If you always go clockwise around the polygon, and always subtract the first "x" coordinate from the second, it works out naturally, like this:
| From | To | |||||
|---|---|---|---|---|---|---|
| x | y | x | y | Avg Height | Width (+/−) | Area (+/−) |
| 0.72 | 2.28 | 2.66 | 4.71 | 3.495 | 1.94 | 6.7803 |
| 2.66 | 4.71 | 5 | 3.5 | 4.105 | 2.34 | 9.6057 |
| 5 | 3.5 | 3.63 | 2.52 | 3.01 | −1.37 | −4.1237 |
| 3.63 | 2.52 | 4 | 1.6 | 2.06 | 0.37 | 0.7622 |
| 4 | 1.6 | 1.9 | 1 | 1.3 | −2.1 | −2.7300 |
| 1.9 | 1 | 0.72 | 2.28 | 1.64 | −1.18 | −1.9352 |
| Total: | 8.3593 | |||||
You can also go the other direction. If you get a negative area just make it positive.
And it looks like this:
So that's it! The area is 8.3593
Area of Polygon Tool
Glad you read this far! You are rewarded with a link to the Area of a Polygon Drawing Tool that can do all of this for you. It also accepts manual entry of coordinates.
Formulas
Let us play with some formulas!
Let's start with a a simple triangle, with coordinates (x1, y1), (x2, y2), (x3, y3)

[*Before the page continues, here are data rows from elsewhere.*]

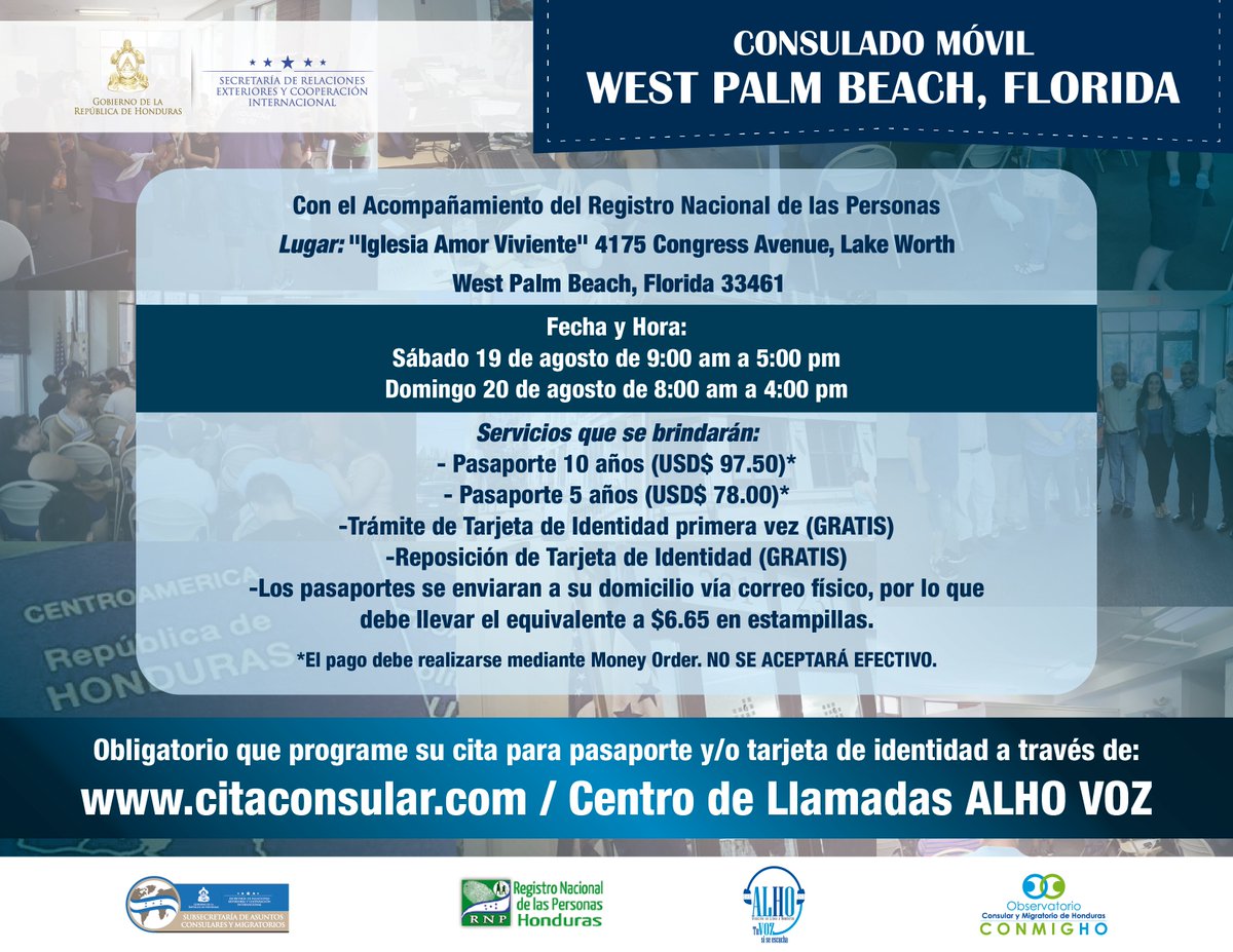 Cancillería realizará consulado móvil en West Palm Beach, Floridapic.twitter.com/Sz0z7KVVbn
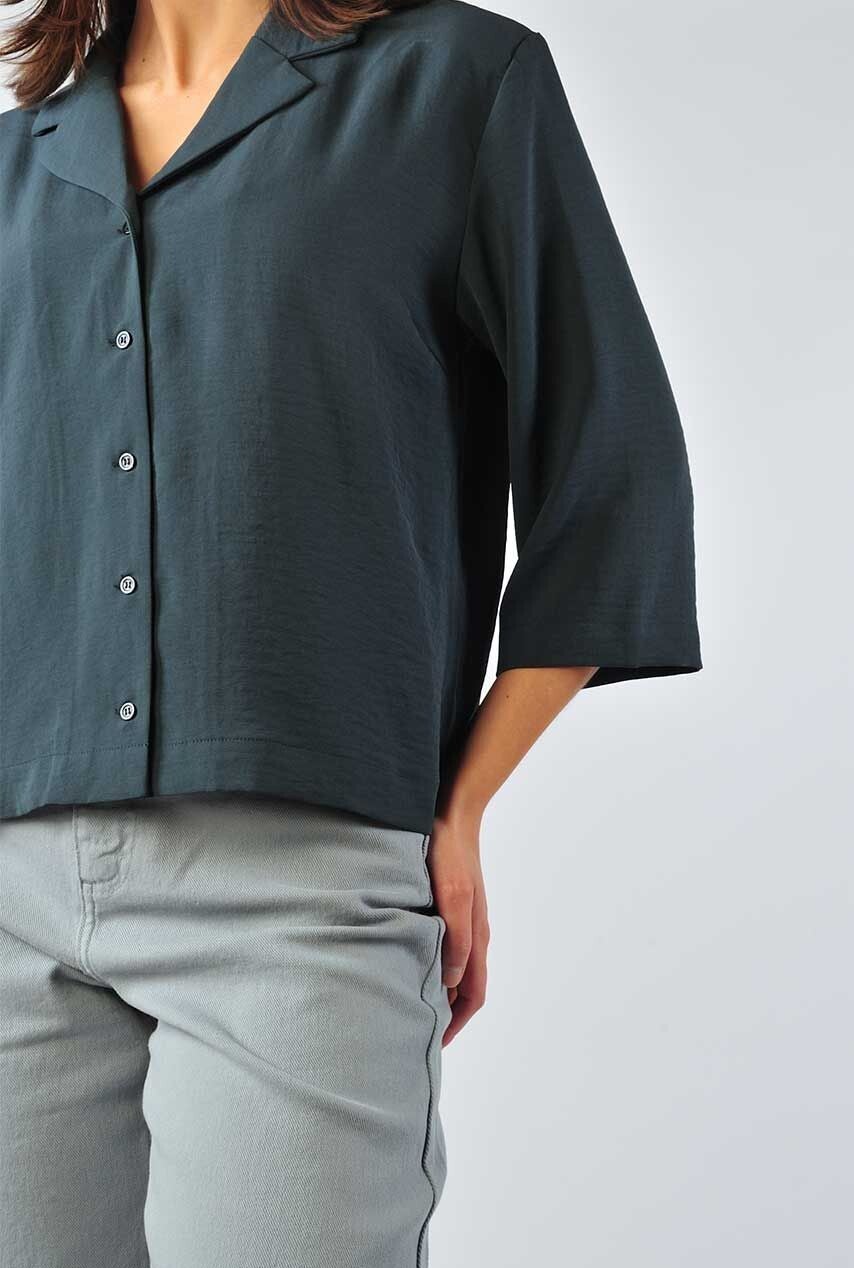 donkerblauw/grijs hemdje in een soepelvallende stof. Het hemd heeft 3/4 mouwen en een v-hals
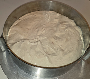 Creme auf den Boden geben, glatt streichen,- mind. 4–5 Stunden kalt stellen (besser über Nacht).
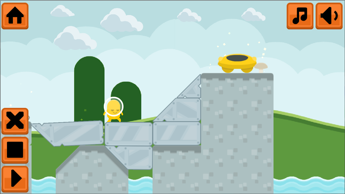 Kéo các khối để bắc cầu qua các khoảng trống và xây dựng các đường dốc để người ngoài hành tinh có thể đến nơi an toàn.
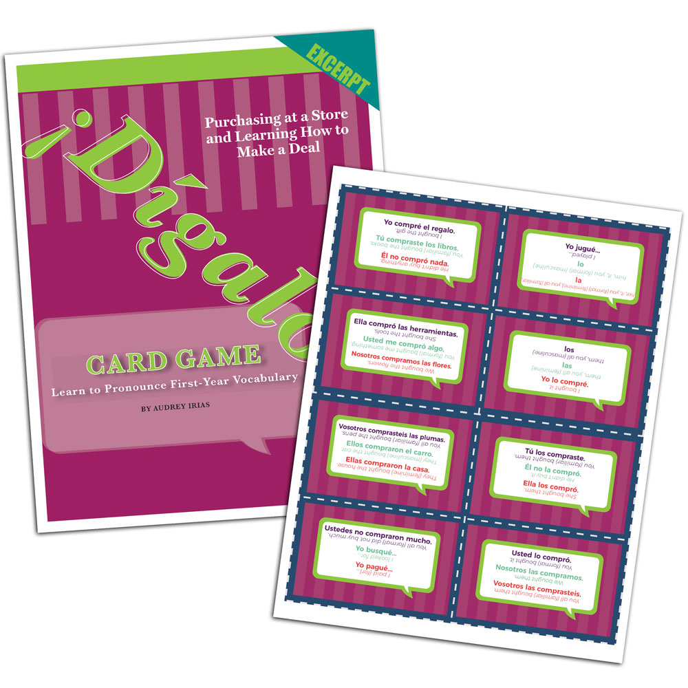 D;iacute;galo/em is a game that enables students to simultaneously practice pronunciation and memorize vocabulary. On one side of the card is a phonetic version of a common expression, if not a whole sentence, associated with the theme of this chapter, chosen to simulate how one would use words and conjugate verbs in that context. On the other side is the actual Spanish version that the student’s teammates will guess, and the English equivalent, upside-down. Vocabulary inspired by the Realidades/em textbook series by Pearson. Some assembly required upon printing.This download includes: Instructions A pronunciation guide A flash card key, also unique by color to this chapter A reference guide unique to this chapter Playing cards, with up to eight cards per sheet, that print exactly back-to-backCopyright 2018. English, Spanish. Beginning. Middle school, high school. Reproducible. Download. PDF, Adobe Acrobat Reader DC required to view PDF. 16 pages. img alt=”” src=”//aedownload.net/teachersdiscovery/images/Author_Audrey_Irias.jpg” style=”float: left; border-width: 0px; border-style: solid; margin: 0px 6px; height: 135px; padding-right: 10px;” /About the Author Audrey Yates Irias started learning Spanish at age 10 in a FLEX program in her elementary school, because her aunt lived in Puerto Rico. She was so enamored with learning languages that she dove in head first, and took multiple years of Spanish and French in high school. Following her passion, she was a double major in Spanish and French Education and a TESOL minor, at Illinois State University–during which time she studied in Spain and France. She taught for 11 years in both traditional as well as virtual classrooms. In 2016, she earned her master’s in Translation and Interpreting from the University of Illinois.Audrey enjoys spending time with her daughter, dancing, teaching students one-on-one, and developing curriculum that benefits students and teachers of World Languages.

Multiplying widths by average heights gets:
Area = (x2−x1)(y1+y2)/2 + (x3−x2)(y2+y3)/2 + (x1−x3)(y3+y1)/2
But we can rewrite it! Let us expand the whole thing so we can do some surgery on it:
2×Area = x2y1 + x2y2 − x1y1 − x1y2 + x3y2 + x3y3 − x2y2 − x2y3 + x1y3 + x1y1 − x3y3 − x3y1
Collect like terms:
2×Area = x2y1 + x2y2−x2y2 + x1y1−x1y1 − x1y2 + x3y2 + x3y3−x3y3 − x2y3 + x1y3 − x3y1
Simplify:
2×Area = x2y1 − x1y2 + x3y2 − x2y3 + x1y3 − x3y1
Rearranging the terms (and changing signs) we get the so-called "shoelace formula":
−2×Area = x1y2 + x2y3 + x3y1 − x2y1 − x3y2 − x1y3
In General
In general (for an n-sided simple polygon), using absolute values || we have:
Area = ½| (x2−x1)(y1+y2) + (x3−x2)(y2+y3) + ... + (x1−xn)(yn+y1) |
or the Shoelace version:
Area = ½| x1y2 + x2y3 + ... + xny1 − x2y1 − x3y2 − ... − x1yn |
Using JavaScript the essential line (that gets summed up over all points) is:
let a1 = (pt1.x - pt0.x) * (pt0.y + pt1.y); // for trapezoid
let a1 = (pt0.x * pt1.y - pt0.y * pt1.x); // for shoelace
I calculated the area of a regular pentagon 1,000,000 times and both methods took about 43ms. I imagine the browser came up with the same underlying code for both cases!